In this project, we will use Airflow to orchestrate the workflow of fetching data from the StarCraft II API and persisting it in DuckDB.

DuckDB

DuckDB Based on StarCraft II press kit

Welcome to the world of DuckDB! Imagine DuckDB as your trusty sidekick in the realm of data analysis. A lightweight yet powerful tool that packs a punch. Picture it as the agile scout in your StarCraft army, swiftly maneuvering through enemy lines to gather intelligence.

In this sample project, we will utilize DuckDB to persist the data from the StarCraft API in an embedded way, storing the data in a single file using DuckDB via Python.

But before we dive into the project, the following chapters will introduce DuckDB more in detail also explaining how you can benefit from utilizing it in your daily Data Engineering / Analytics business.

DuckDB: Your portable analytical database

Think of DuckDB as the Swiss Army knife of databases. It’s fast, efficient, and versatile, just like a Protoss Zealot on the battlefield, able to adapt to any situation with ease.

DuckDB is easy to install, portable and open-source. It is feature rich regarding its SQL dialect and you can import and export data based on different formats like CSV, Parquest and JSON. Also, it integrates seamlessly with Pandas dataframes, which makes it also a powerful data manipulation tool in your data wrangling scripts, which we will look at in the next chapter.

You can install it in your Python project simply via:

pip install duckdb

Afterwards, you can use DuckDB as an in-memory database on the fly:

import duckdb

duckdb.execute("CREATE TABLE tbl AS SELECT 42 a")
df = duckdb.execute("SELECT * FROM tbl").df()
print(df)
    a
0  42

Or as an embedded database, persisting the data in a simple file:

import duckdb

# create persisted database and write data
with duckdb.connect(database="my_duckdb.db") as write_conn:
    write_conn.execute("CREATE TABLE tbl AS SELECT 42 a")

# somewhere else: read and process data
with duckdb.connect(database="my_duckdb.db", read_only=True) as read_conn:
    df = read_conn.execute("SELECT * FROM tbl").df()
    print(df)

Which will store all data in a file called my_duckdb.db.
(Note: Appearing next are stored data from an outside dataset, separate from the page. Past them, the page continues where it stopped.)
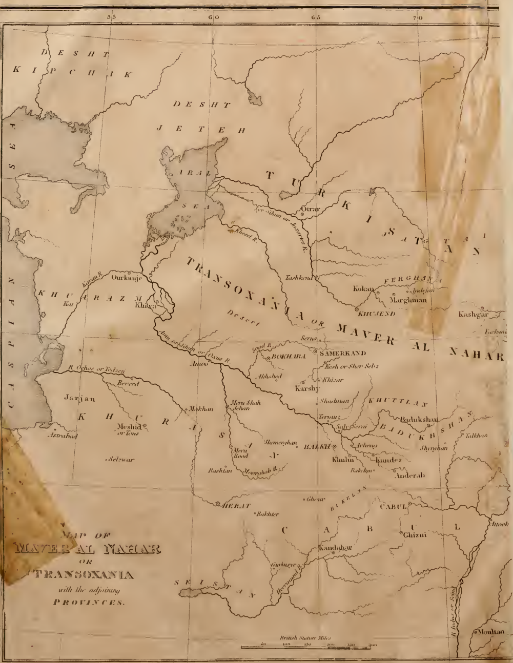
MAP OF MAVER AL NAHAR OR TRANSOXANIA with the adjoining PROVINCES.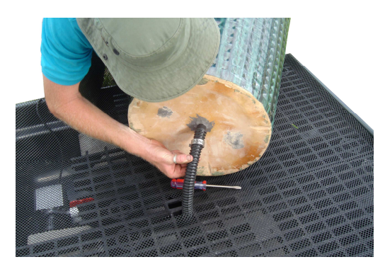
9. Connect the tubing to the pump and clamp.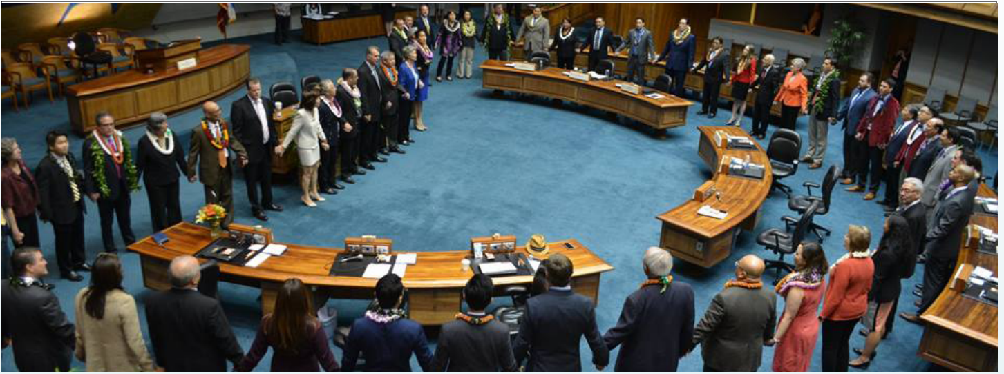
Senators and Representatives singing "Hawai'i Aloha" at Sine Die on May 3, 2018.

You can not only exchange data between DuckDB and Pandas dataframes, but also read and write CSV, JSON and more.

If you’re familiar with SQLite, think of DuckDB as its cooler, more performance-driven sibling. While SQLite is great for smaller-scale projects, DuckDB takes things up a notch. It’s like upgrading from a basic Terran Hellion to a powerful Thor unit, ready to handle larger datasets and complex queries without breaking a sweat.
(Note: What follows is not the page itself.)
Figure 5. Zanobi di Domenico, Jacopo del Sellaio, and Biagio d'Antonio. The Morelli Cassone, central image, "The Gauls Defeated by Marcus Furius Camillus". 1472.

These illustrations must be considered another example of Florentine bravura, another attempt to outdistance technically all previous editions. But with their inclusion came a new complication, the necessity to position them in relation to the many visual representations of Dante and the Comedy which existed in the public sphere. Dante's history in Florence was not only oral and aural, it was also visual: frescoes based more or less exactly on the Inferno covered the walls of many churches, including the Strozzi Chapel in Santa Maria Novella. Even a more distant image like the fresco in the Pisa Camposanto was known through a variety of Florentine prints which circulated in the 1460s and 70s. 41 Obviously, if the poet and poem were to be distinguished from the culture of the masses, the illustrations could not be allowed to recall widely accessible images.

DuckDB also offers a Command Line Interface (CLI). The DuckDB CLI is a simple executable precompiled for Windows, Mac, and Linux. On my Mac environment, I could simply install it via Homebrew with:

brew install duckdb

You can use this to connect to a DuckDB source or perform in-memory operations.

DuckDB CLI Analyze data with the DuckDB CLI

To show some of the capabilities, I used it to connect to the DuckDB database file, we will create as part of the project later, to run some analysis:

SELECT favorite_race, SUM(wins) AS total_wins, MAX(mmr) AS max_mmr, AVG(mmr) AS avg_mmr
FROM ladder
WHERE favorite_race IN ('protoss', 'terran', 'zerg')
GROUP BY favorite_race
ORDER BY total_wins DESC;
┌───────────────┬────────────┬─────────┬───────────────────┐
│ favorite_race │ total_wins │ max_mmr │      avg_mmr      │
│    varchar    │   int128   │ double  │      double       │
├───────────────┼────────────┼─────────┼───────────────────┤
│ protoss       │      11816 │  6840.0 │            5541.3 │
│ terran        │       7207 │  7140.0 │ 5501.839285714285 │
│ zerg          │       5380 │  7080.0 │ 5591.622222222222 │
└───────────────┴────────────┴─────────┴───────────────────┘

Some fun facts based on this example:

  • 🥇 Protoss has the highest total wins but the lowest maximum MMR in the grandmaster ladder.
  • 🥈 Terran has the highest maximum MMR in the grandmaster ladder.
  • 🥉 Zerg has the least wins but the highest average MMR in the grandmaster ladder.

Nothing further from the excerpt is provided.